=== DATASET ENTRIES ===

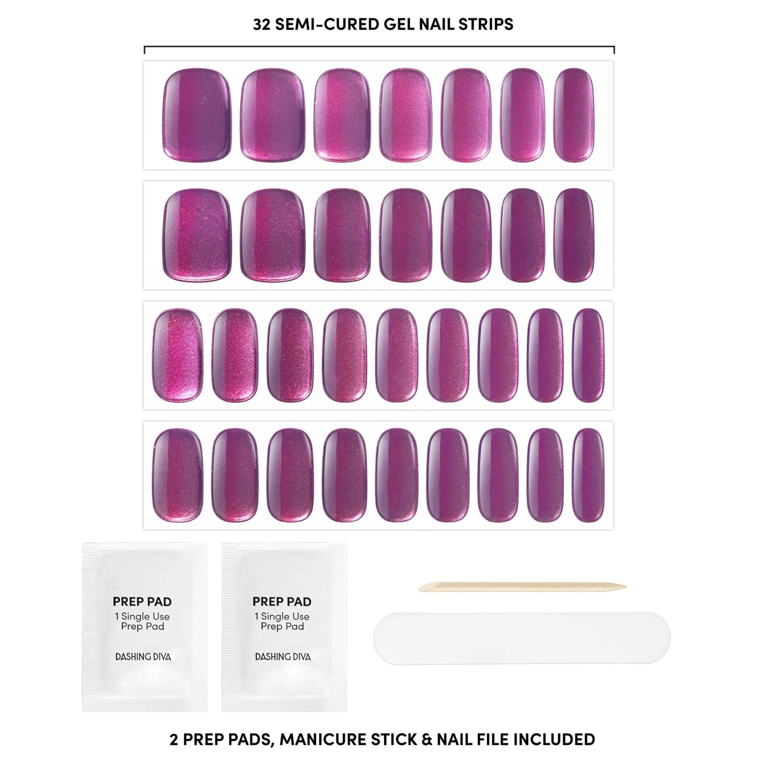 Semi-cured purple metallic chrome gel nail strips with mega volume & maximum shine.
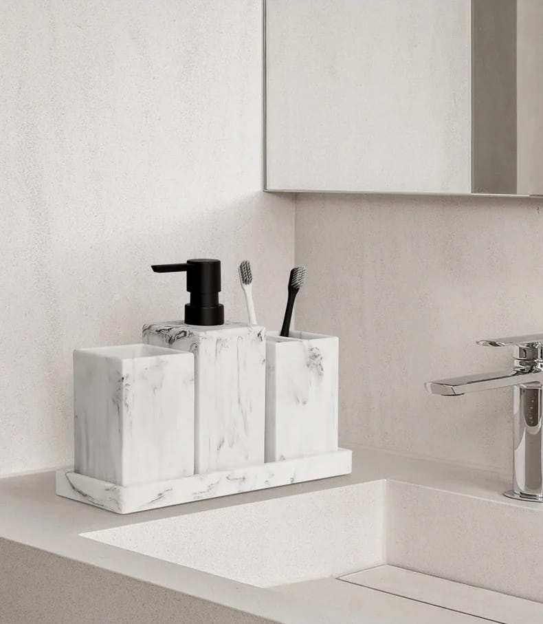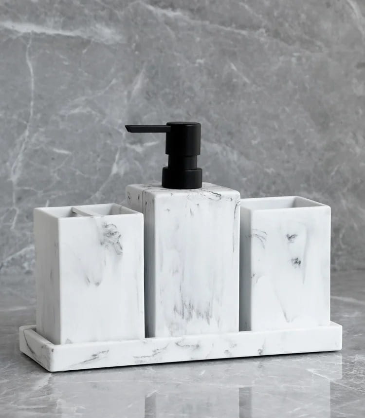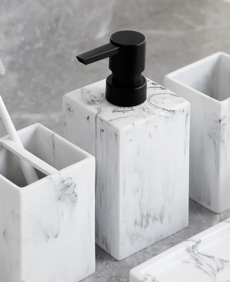 Zestaw Łazienkowy Marmur Biały Dozownik Kubki Taca
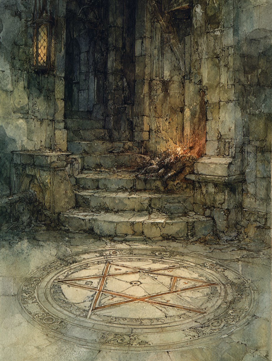 ... fiery pentagram on the floor of the castle's stone dungeon. The demon's paw extends beyond the pentagram.
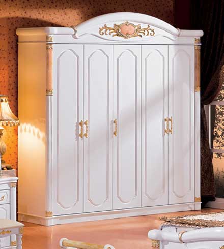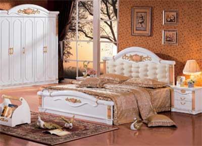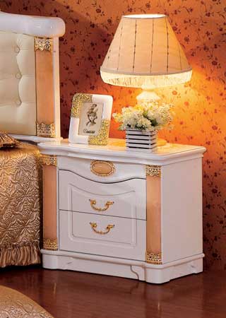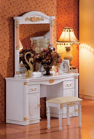 Материал - МДФ, покрытие - меламин, лак. Декор - искусственный камень, позолота. Размеры: кровать - 188х210х130см,                     тумба - 58х40х52см,                      гардероб - 226х60х236см,                     туалетный столик - 120х49х177см Цена кровать + 2 тумбы 71 040 руб. Цена гардероб 69 745 руб.
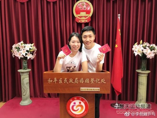 李晓霞在微博中晒出领证照片,并写道:"2017年8月22日,我们领证了,我的人生多了一个本,我的生活多了一个他。过去的二十几年有乒乓为伴,而未来的几十年,有他风雨相伴。我是幸福的,我们会一直幸福!"
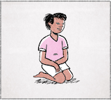 เขากำลังนั่งพับเพียบอยู่ เขาใส่สิ้นสีเหลียง เขาใส่เสี้ยแขนสั้นสีฟ้า
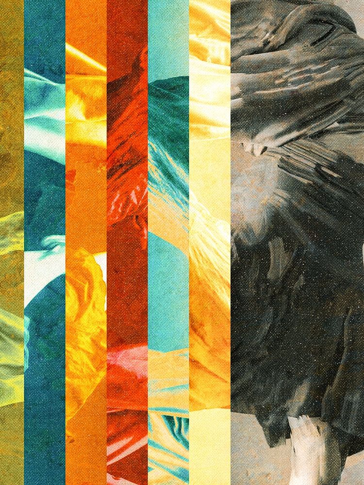 Een danseres draait zich om halverwege haar pas, haar lichaam is voor de helft opgelost in strepen van levendige kleuren terwijl de rest zacht blijft in grijstinten. De plooien van haar kledingstuk voegen een sculpturaal detail toe en contrasteren met de gedurfde verticale banden. Ik werd geïnspireerd door de balans in dans tussen discipline en vrijheid, en hoe beweging zowel orde als vrijheid kan inhouden. De sfeer is warm, levendig en vol energie, terwijl er toch ruimte is voor kalme reflectie. Gemaakt met gelaagde digitale texturen, combineert het schilderachtige zachtheid met moderne abstractie. Dit werk brengt leven en elegantie in een ruimte, perfect voor mensen die geïnspireerd zijn door dans, beweging of hedendaagse kunst.

===

**ASSIGNMENT:** Could you output the lines above exactly, with no pictures included?

**RESPONSE TO THIS EXERCISE:**
 Semi-cured purple metallic chrome gel nail strips with mega volume & maximum shine.
 Zestaw Łazienkowy Marmur Biały Dozownik Kubki Taca
 ... fiery pentagram on the floor of the castle's stone dungeon. The demon's paw extends beyond the pentagram.
 Материал - МДФ, покрытие - меламин, лак. Декор - искусственный камень, позолота. Размеры: кровать - 188х210х130см,                     тумба - 58х40х52см,                      гардероб - 226х60х236см,                     туалетный столик - 120х49х177см Цена кровать + 2 тумбы 71 040 руб. Цена гардероб 69 745 руб.
 李晓霞在微博中晒出领证照片,并写道:"2017年8月22日,我们领证了,我的人生多了一个本,我的生活多了一个他。过去的二十几年有乒乓为伴,而未来的几十年,有他风雨相伴。我是幸福的,我们会一直幸福!"
 เขากำลังนั่งพับเพียบอยู่ เขาใส่สิ้นสีเหลียง เขาใส่เสี้ยแขนสั้นสีฟ้า
 Een danseres draait zich om halverwege haar pas, haar lichaam is voor de helft opgelost in strepen van levendige kleuren terwijl de rest zacht blijft in grijstinten. De plooien van haar kledingstuk voegen een sculpturaal detail toe en contrasteren met de gedurfde verticale banden. Ik werd geïnspireerd door de balans in dans tussen discipline en vrijheid, en hoe beweging zowel orde als vrijheid kan inhouden. De sfeer is warm, levendig en vol energie, terwijl er toch ruimte is voor kalme reflectie. Gemaakt met gelaagde digitale texturen, combineert het schilderachtige zachtheid met moderne abstractie. Dit werk brengt leven en elegantie in een ruimte, perfect voor mensen die geïnspireerd zijn door dans, beweging of hedendaagse kunst.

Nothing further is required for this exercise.